* **TO DO**:
From the first line of the entries below through the line bearing "This is a simple", write out each line exactly. Omit pictures.

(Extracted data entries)
# # # #

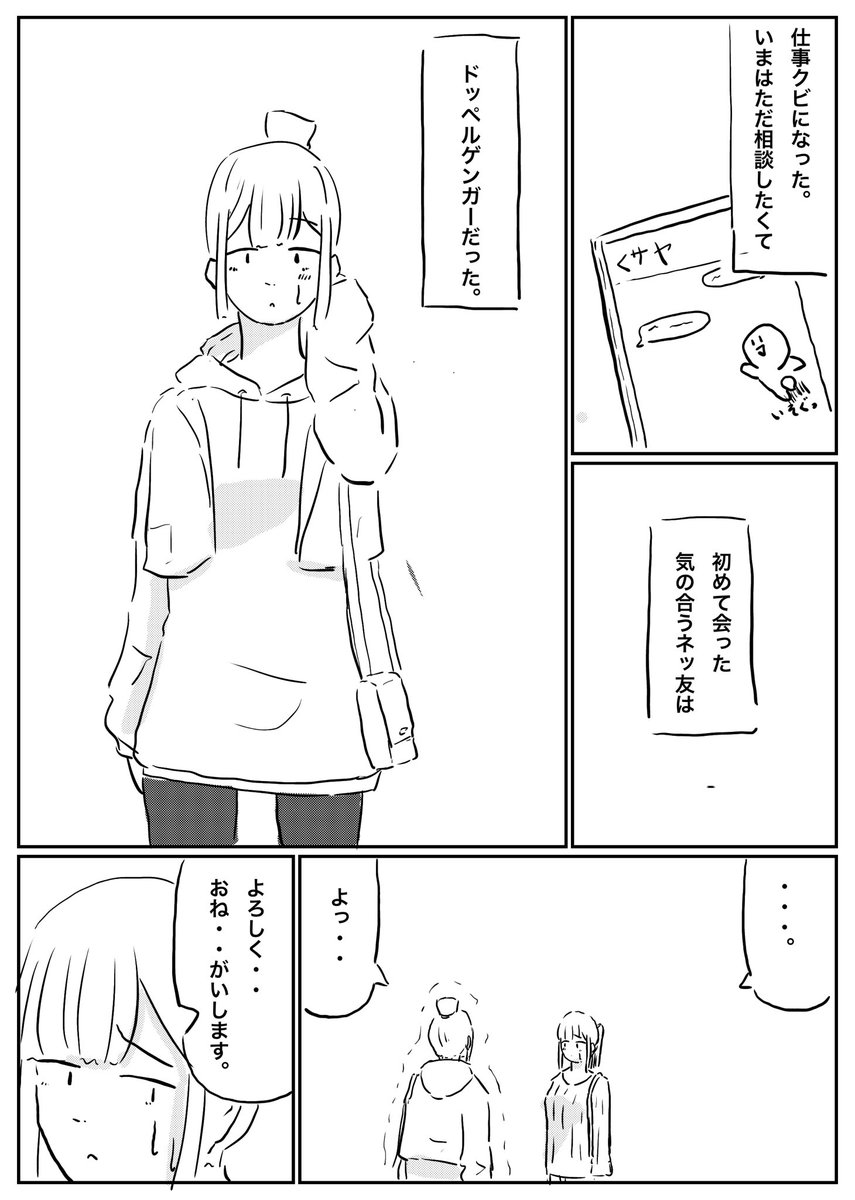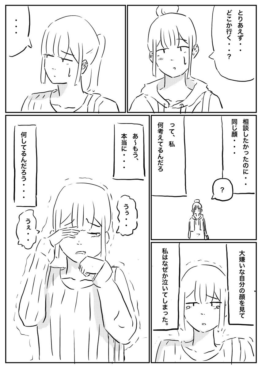 初めて漫画書いてみたよ。いいねRTお願いします。 僕程度の適当な絵でも、死ぬほど大変です。まじ尊敬。 自分嫌いとドッペルゲンガーの話です。 #漫画が読めるハッシュタグ #いいねで気になった人お迎え #イラスト好きな人とつながりたい
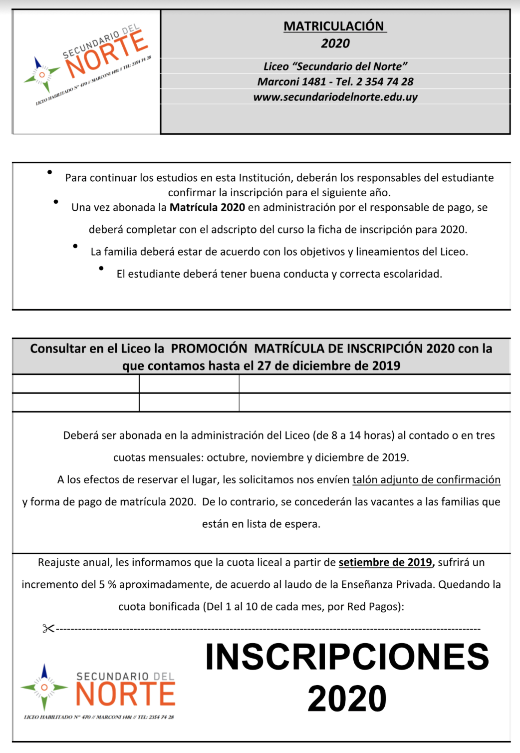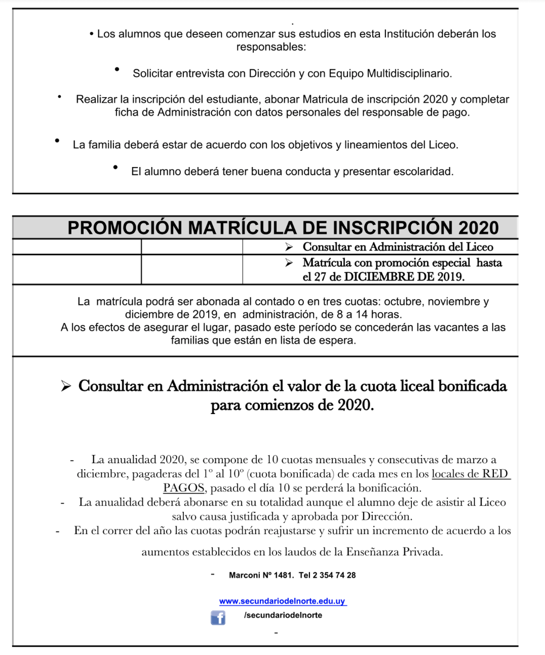 La reunión de padres para Primer Año de Ciclo Básico se realizará el día 28 de febrero a las 19:00 horas.
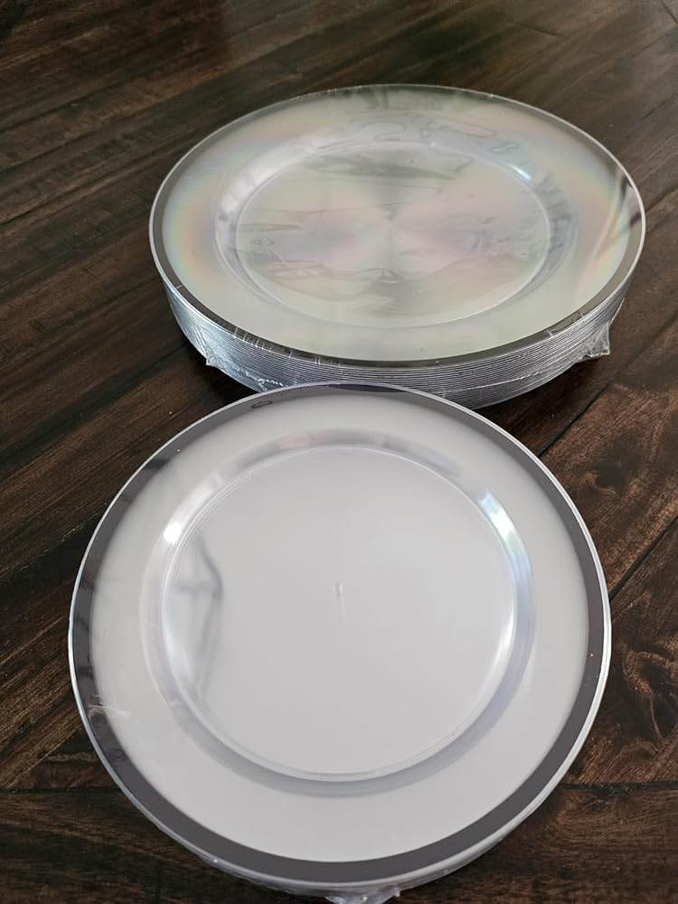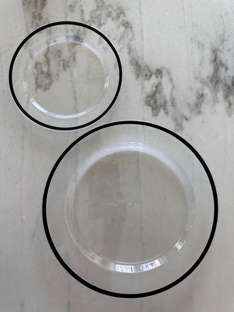 This is a simple yet elegant looking set of plastic plates. Who says the tableware has to look cheap because it's plastic. This takes it to a whole new level. the plates are a good size and are very durable. It almost feels like you could wash them and reuse. Looks great for special occasions such as birthdays, parties or a baby shower.
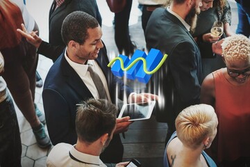 Colleagues discussing data trends with futuristic ar overlay in tech office
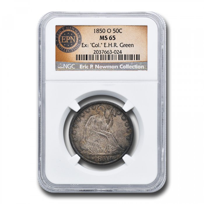 This 1850-O Liberty Seated Half Dollar (EX: Col E.H.R Green) has been certified as MS-65 by NGC, one of the top two coin grading services.
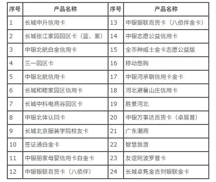 7月16日,中国银行公告称,因业务调整,自2025年8月31日起,将停止发行部分信用卡产品,并调整信用卡产品卡面,此次涉及24款信用卡产品,涵盖联名合作类、主题特色类等多个类别。
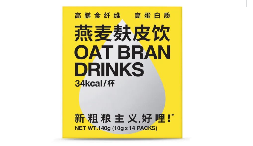 比如在去年5月份,健康食品品牌Wholly Moly!好哩!推出的一款“好哩燕麦麸皮饮”。据悉,产品选用燕麦麸皮,不添加香精、色素、甜味剂,具有高纤、高蛋白的特点。官方表示,100g燕麦麸皮饮约等于1斤魔芋的膳食纤维含量加上2个鸡蛋的蛋白质含量,一杯燕麦麸皮饮的热量为34大卡,低于一杯250ml牛奶的热量(165大卡)。
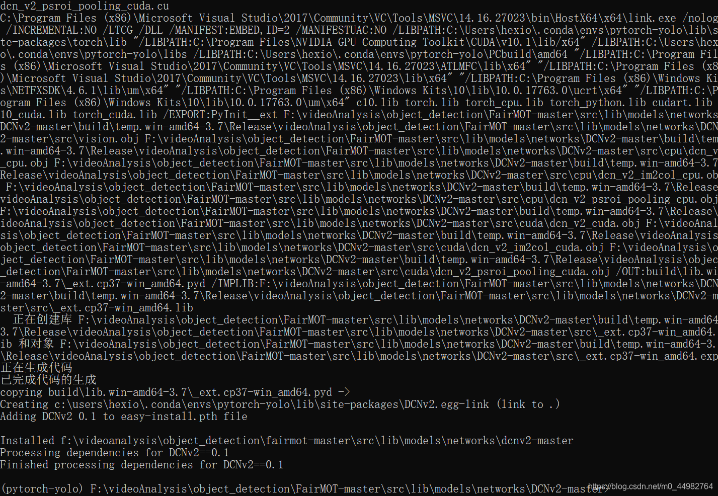 我的环境是,cuda10.1,python3.7,pytorch1.7.1,为了跑FairMOT模型,需要编译DCNv2,在windows上编译报错,最后成功解决。
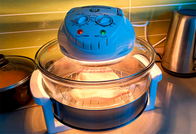 Работает как духовка для выпечки. Регулируется температура от 120 до 210 градусов, и время до 4 часов.
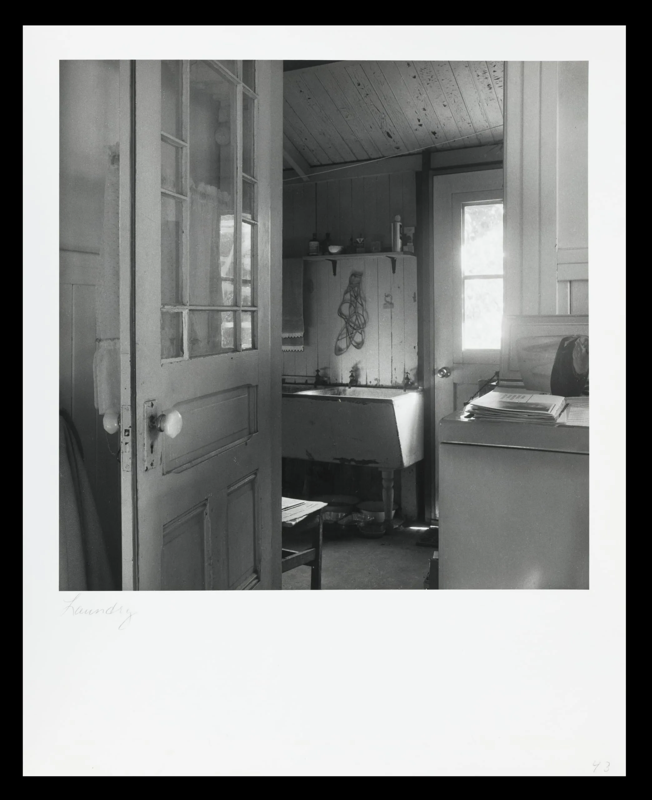 Black and white photograph of a modest interior room seen through an open paneled door, with a deep sink, white cabinet, and bright window beyond
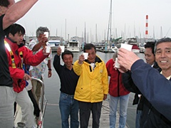 竹脇ヘルムス、村井メイントリム。グッドバランスな船とベテランセーラーの指導で強風のなか、実に安定した走り。9時方向にディズニーランド、ときおり羽 田に下りるジャンボ機の迫力あるエンジン音も豪快だ。お台場の風車は、あれはオランダだ、とだれかが言う。振り返れば東京タワーと高層ビル群、あそこは ニューポート。おっ、あっちには椰子の木、あれはハワイだ。竹内さんがときおり、海はあくまでコバルトブルー!と叫ぶ。もちろん初セーリングのビールの乾 杯は忘れていない。次はワイン!。ソムリエ村井もご満悦。
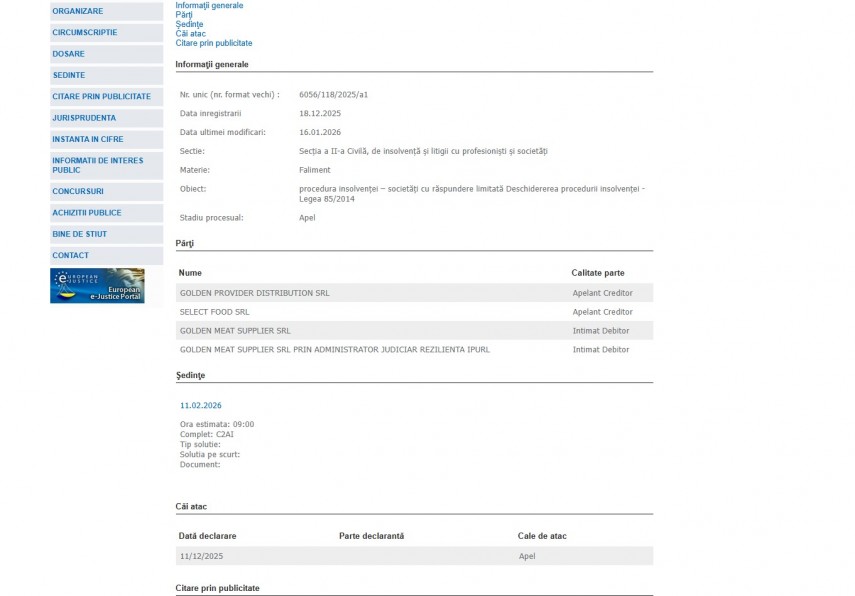 Pe rolul Curții de Apel Constanța se află dosarul 6056/118/2025/a1, înregistrat la data de 18decembrie 2025 la Secţia a II-a civilă, de insolvenţă şi litigii cu profesionişti şi societăţi, ce are ca obiect „procedura insolvenţei – societăţi cu răspundere limitată Deschidererea procedurii insolvenţei - Legea 85/2014“. Procesul se află în stadiul de apel, iar ultima modificare a fost operată în data de 16 ianuarie 2026. Părți în dosar sunt Golden Meat Supplier SRL – intimat debitor și Golden Meat Supplier SRL prin administrator judiciar Rezilienta IPURL - intimat debitor, dar și Golder Provider Distribution SRL și Select Food - Apelant Creditor.

# # # #

* **TASK SOLUTION**:
 初めて漫画書いてみたよ。いいねRTお願いします。 僕程度の適当な絵でも、死ぬほど大変です。まじ尊敬。 自分嫌いとドッペルゲンガーの話です。 #漫画が読めるハッシュタグ #いいねで気になった人お迎え #イラスト好きな人とつながりたい
 La reunión de padres para Primer Año de Ciclo Básico se realizará el día 28 de febrero a las 19:00 horas.
 This is a simple yet elegant looking set of plastic plates. Who says the tableware has to look cheap because it's plastic. This takes it to a whole new level. the plates are a good size and are very durable. It almost feels like you could wash them and reuse. Looks great for special occasions such as birthdays, parties or a baby shower.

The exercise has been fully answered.